On1 has made huge progress in Photo RAW since it was released at Christmas.   I have had many a message exchange with Stevie, James, and Terry at their support desk sending in crash dumps and other data.    For me what is important is go go from Develop to Effects and back with a simple click and still use the same raw file and sidecar, no creation of TIF, PSD, or other new file.   I can't wait for them to update Layers so the same is possible with that module.    Seeing that On1 is doing with a raw file plus a sidecar makes me wonder why can't there be a version of Ps that does likewise.   Is there any filter or effect that could not be an instruction set sitting in a sidecar?


----------



## Ian.B (Apr 15, 2017)

are you in on1 plus mcasan? (if so; is it worth it) 
on1 crashes have dramatically reduced for me
large psd files that I have mentioned before -- they  are 16 bit; not the my usual 8 bit


----------



## mcasan (Apr 16, 2017)

I have both CC and RAW.    My CC subscription renews late this summer.   So if On1 continues the progress, and Adobe continues to sit on its arse, I will drop CC.   I am totally underwhelmed by what Adobe has done in Lr since Dehaze.


----------



## Oleg Macphunian (May 24, 2017)

Hi All, Macphun has just revealed and confirmed the info associated with moving to Windows platform, the official dates are this Fall. However many of you Windows users can help greatly by participating in beta testing, which is expected to launch in mid summer. Here's a link to leave your email Celebrate: Macphun photo editors are coming to #Windows


----------



## PhilBurton (May 24, 2017)

mcasan said:


> I have both CC and RAW.    My CC subscription renews late this summer.   So if On1 continues the progress, and Adobe continues to sit on its arse, I will drop CC.   I am totally underwhelmed by what Adobe has done in Lr since Dehaze.

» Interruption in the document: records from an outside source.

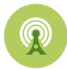
COMUNICACIÓN E INFORMACIÓN
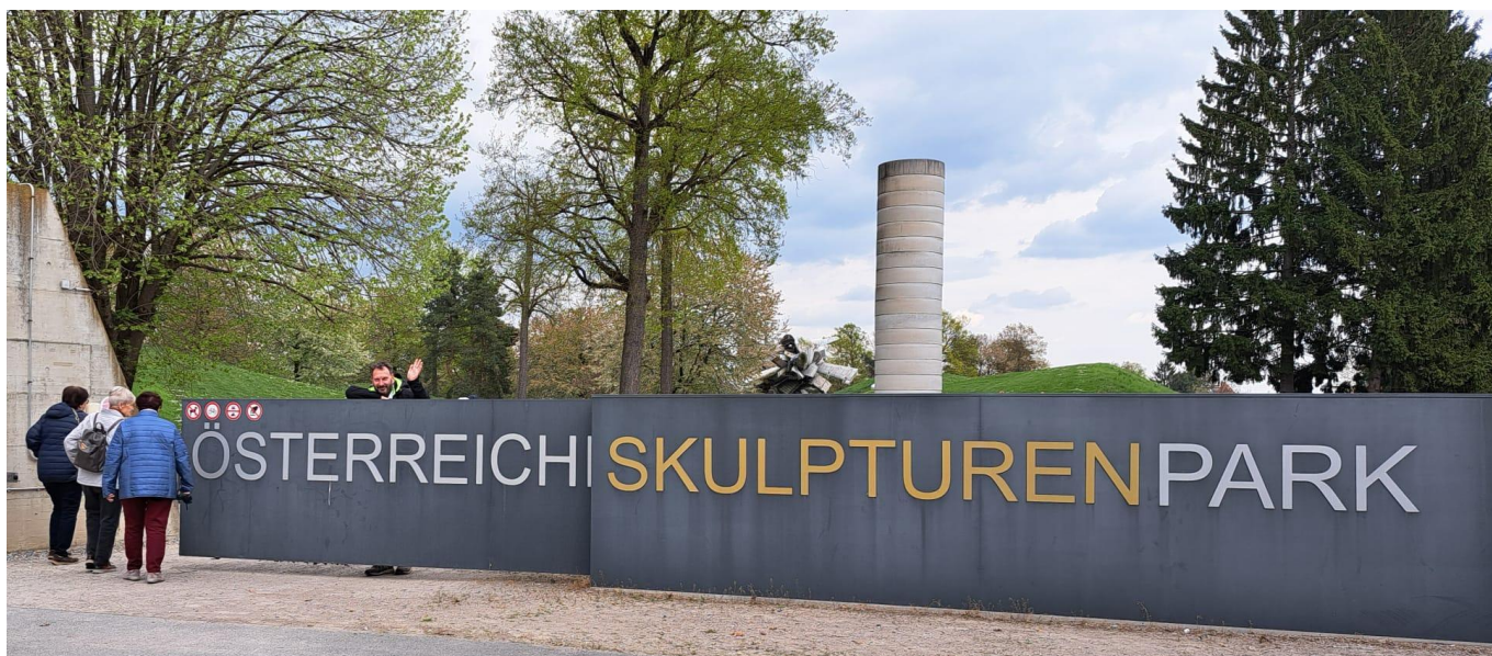
Der zweite Programmpunkt, der Österreichische Skulpturenpark bei Unterpremstätten, direkt beim Schwarzl-Freizeitzentrum
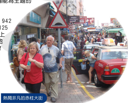
熱鬧非凡的赤柱大街

截至目前，已調查建築物10,942項，已調查的無障礙設施亦有46,125項。我們已將調查過的建築物項目上載至Google地圖，只要在Google地圖網頁搜尋相關的資料，便有機會見到我們的調查資料。目前，我們網站的「無障礙搜尋」欄目平均每日都有3000-5000的瀏覽人次，實在是一個好事情！我們的調查資料能夠發揮作用，我們的辛苦沒白費！

I agree, and that's why I have not yet switch from perpetual license to cc. With the right set of new features I probably would switch. However until Luminar are includes a DAM it is not a replacement for Lightroom.


Phil


----------



## mcasan (May 24, 2017)

PhilBurton said:


> I agree, and that's why I have not yet switch from perpetual license to cc. With the right set of new features I probably would switch to season. However until Luminar are includes a DAM it is not a replacement for Lightroom
> 
> 
> Phil




I dropped On1 Photo RAW after they backed off their commitment for the migration tool from Lr to Photo RAW that was to port raw sidecars from Lr to Photo RAW.   Waiting to see exactly what Macphun does about their DAM.   If they port Lr raw sidecars to their DAM, that makes the decision much easier.    The same goes for the lonely souls still hanging on to Aperture.


----------



## PhilBurton (May 24, 2017)

mcasan said:


> I dropped On1 Photo RAW after they backed off their commitment for the migration tool from Lr to Photo RAW that was to port raw sidecars from Lr to Photo RAW.   Waiting to see exactly what Macphun does about their DAM.   If they port Lr raw sidecars to their DAM, that makes the decision much easier.    The same goes for the lonely souls still hanging on to Aperture.


I hope Adobe doesn't fall victim to the "We are untouchable because only we have ..." disease.  I have seen that many times now (and worked at a few of those companies).  Right now they have a DAM and a third-party ecosystem that their challengers don't have.  But in this business, a year is a long time, and change can and will happen.

I'm rooting for the challengers to be very successful.  Either Adobe feels the heat and invests more in LR development, or I (and many others) switch. Either way, we will win.

Phil


----------



## mcasan (May 25, 2017)

Exactly!   Competition is good for the consumer.   The biggest danger for any company is being successful and believing your own hype.    

Look at the Effects module of Photo RAW.   Why can't/won't Adobe offer similar or better editing features on Lr that are all non-destructive?    If Photo RAW had do the migration tool for sidecars, good chance I would not be renewing my CC subscription in June.    Let's hope Macphun steps up to the plate with their DAM for Luminar.


----------



## Oleg Macphunian (Jul 13, 2017)

Hey guys, I'm happy to inform you that those on Windows PCs can now try our open beta of Luminar for Windows!
Get a download link here: Luminar for Windows (beta) is live! Try it free today.
Your feedback and cooperation with us are highly appreciated!


----------



## CloudedGenie (Oct 24, 2017)

This is the first time I started browsing The Lounge...
This post seems strangely more relevant and interesting now!


----------



## d200_4me (Nov 9, 2017)

I've been looking at that product and from what I've seen so far, they're blowing a lot of smoke up and making some very misleading statements.  An example is how they say they have dodge and burn but Lightroom doesn't.  Really?!  Ever heard of the adjustment brush and the drop-down menu there?   Good grief.  It says dodge and burn right there on the list of options in the adjustment brush, for Pete's sake.  So for me, I'll classify that one as a big fat lie in their advertising.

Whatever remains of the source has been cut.